*Excerpted data*:
——

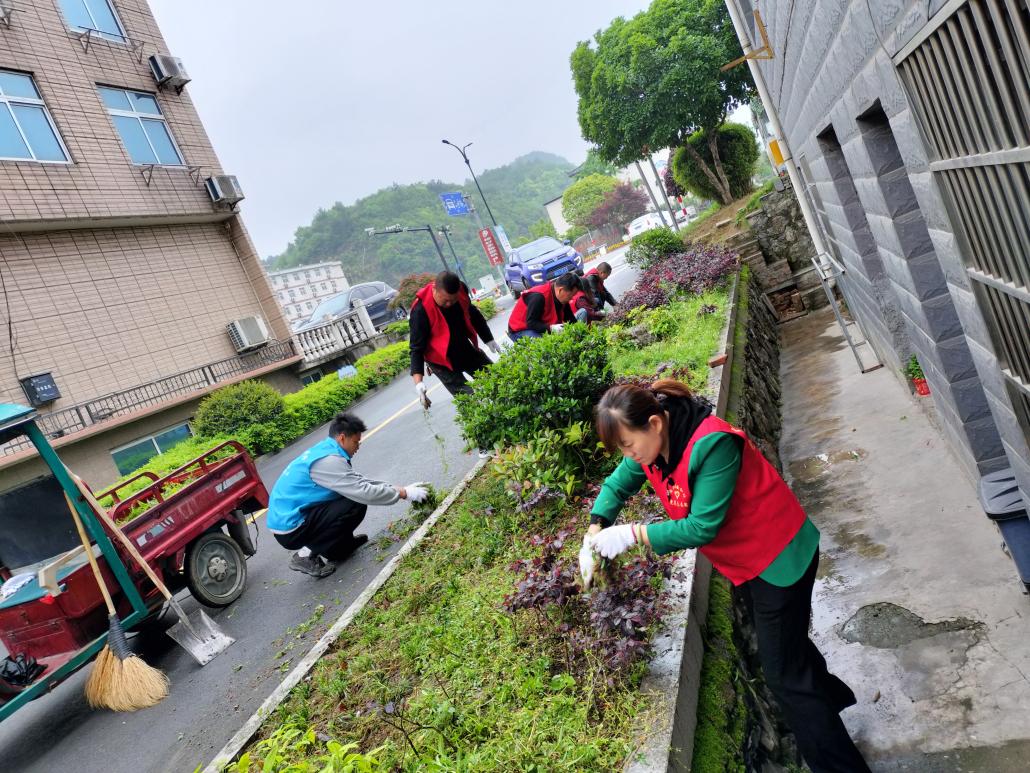 安仁村村两委组织志愿者开展“清洁家园迎亚运”志愿服务活动,对村内人员聚集的场所、卫生死角、落叶等进行清理。
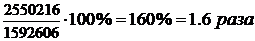 Сумма увеличения =Вырн - Выро = 2550216 - 1592606 = 957610 тыс. руб.
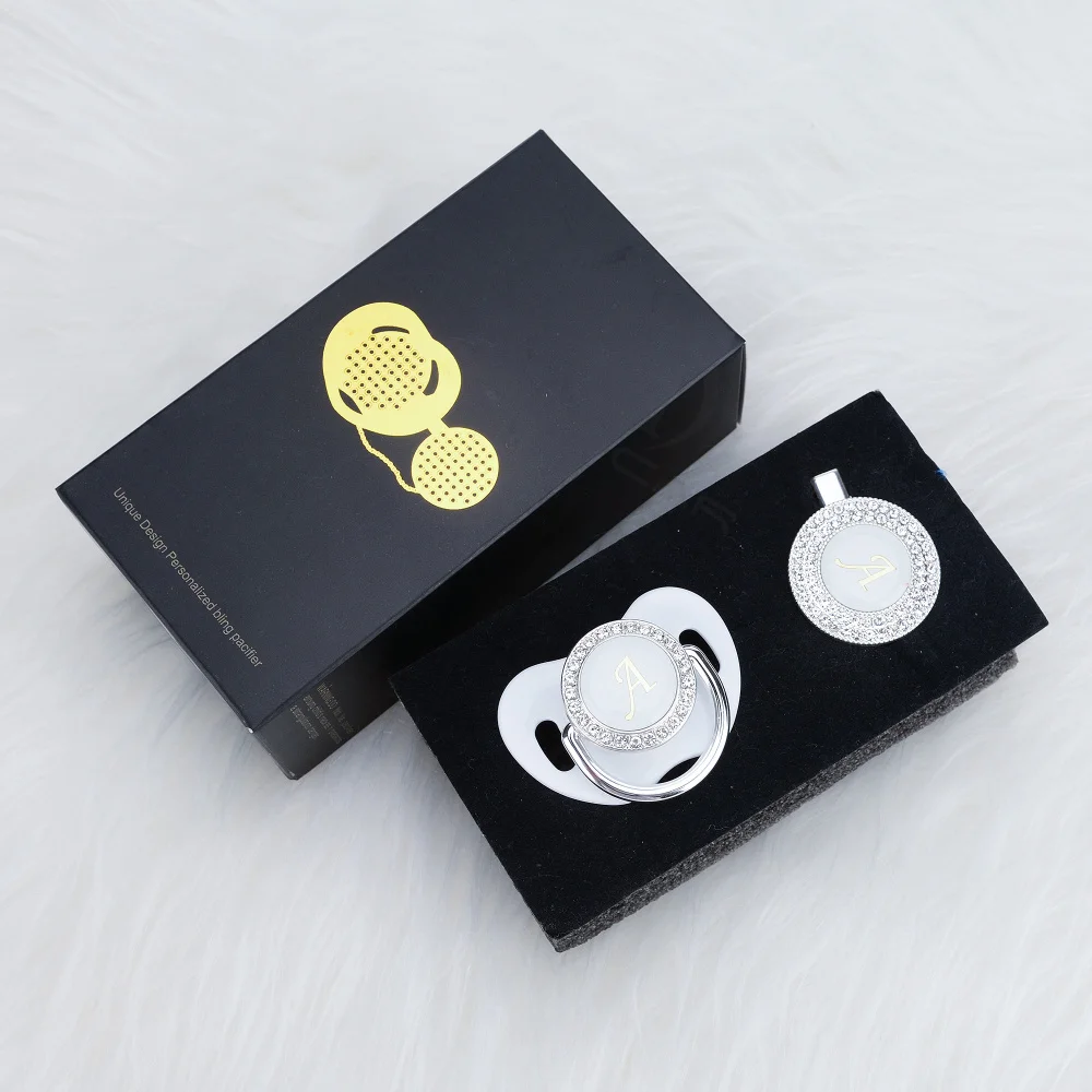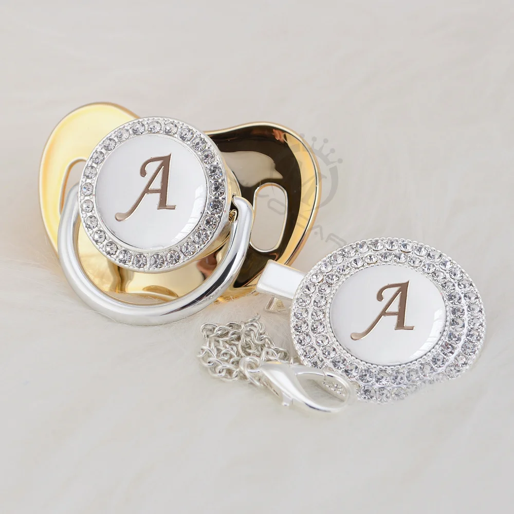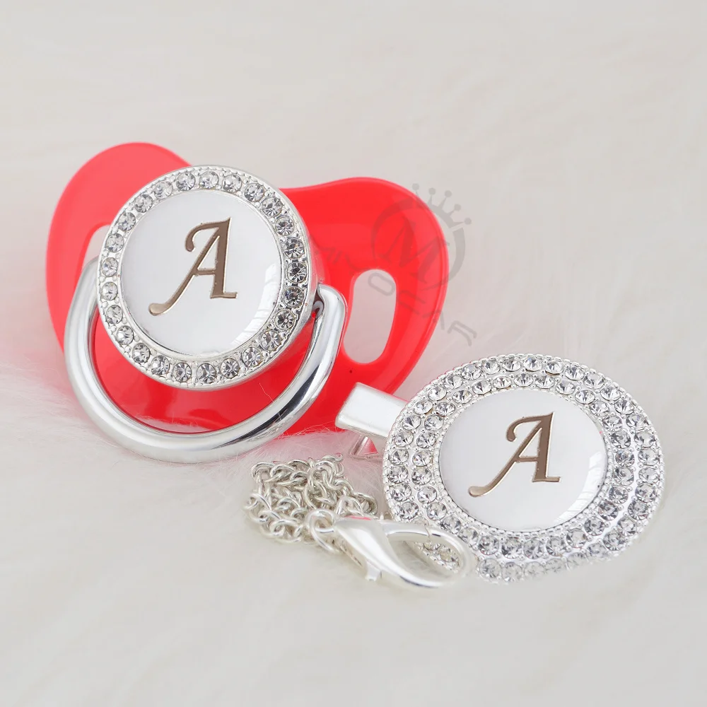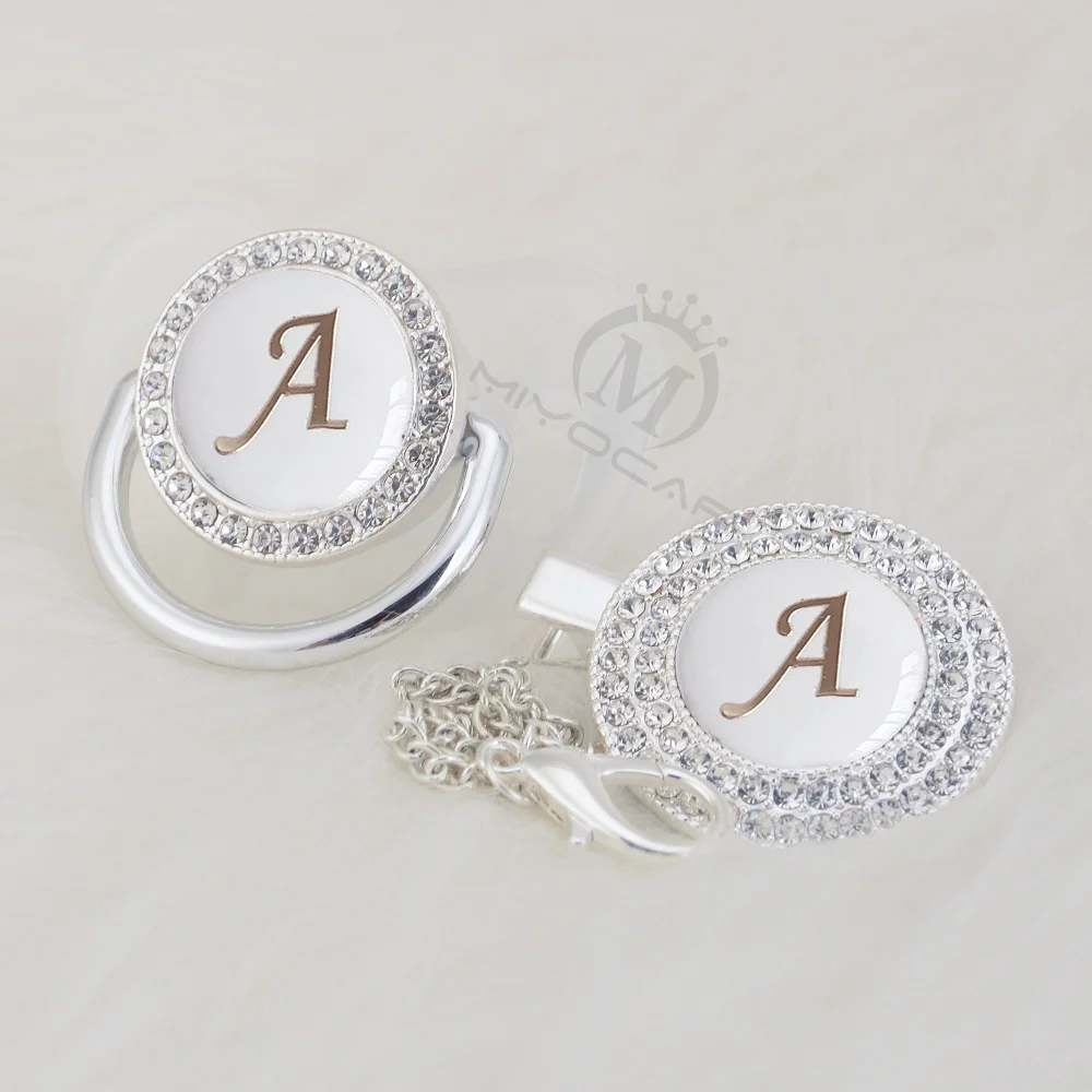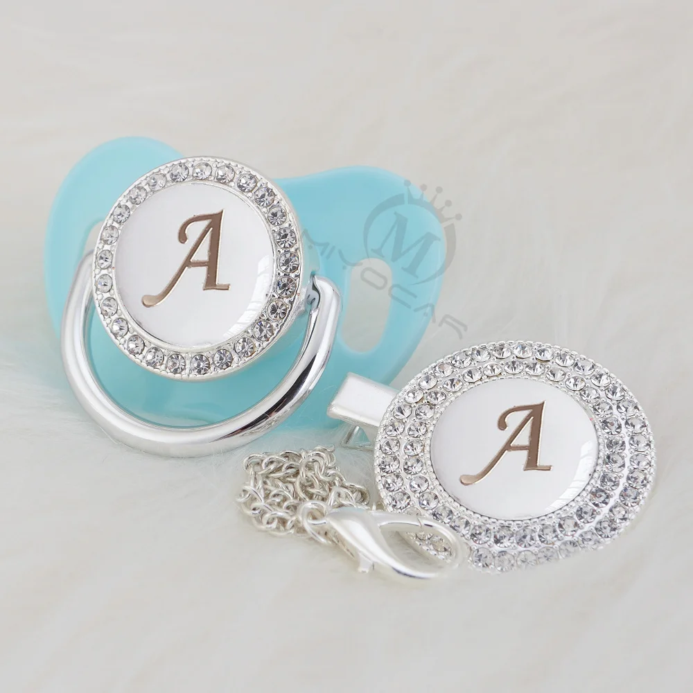 Letter A lovely bling pacifier and pacifier clip BPA free dummy bling unique design LA-1
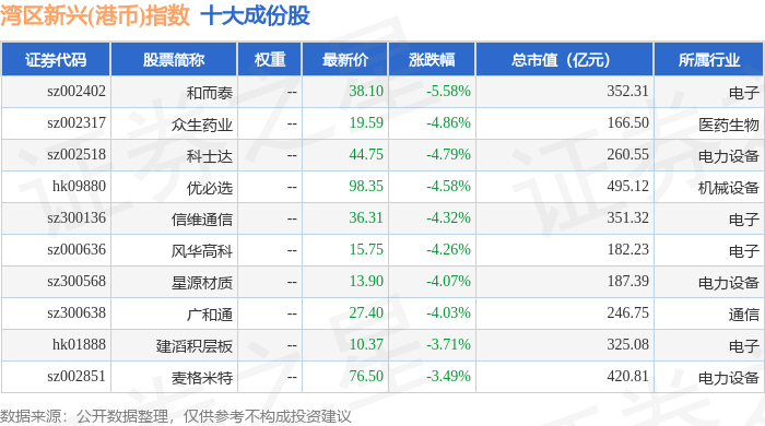 湾区新兴(港币)(980008)指数十大成份股详情如下:
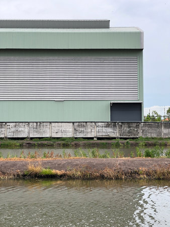 Interior of new large and modern warehouse space. Building materials warehouse, logistics concept, construction of houses, loader. high contrast and monochrome color tone. material, shipping.
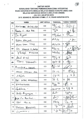 NO NAMA UNIT KERJA TANGGAL TANDA TANGAN

——

*Activity*: Copy each line above precisely, dropping the pictures.

*Task answer*:
 安仁村村两委组织志愿者开展“清洁家园迎亚运”志愿服务活动,对村内人员聚集的场所、卫生死角、落叶等进行清理。
 Сумма увеличения =Вырн - Выро = 2550216 - 1592606 = 957610 тыс. руб.
 Letter A lovely bling pacifier and pacifier clip BPA free dummy bling unique design LA-1
 湾区新兴(港币)(980008)指数十大成份股详情如下:
 Interior of new large and modern warehouse space. Building materials warehouse, logistics concept, construction of houses, loader. high contrast and monochrome color tone. material, shipping.
 NO NAMA UNIT KERJA TANGGAL TANDA TANGAN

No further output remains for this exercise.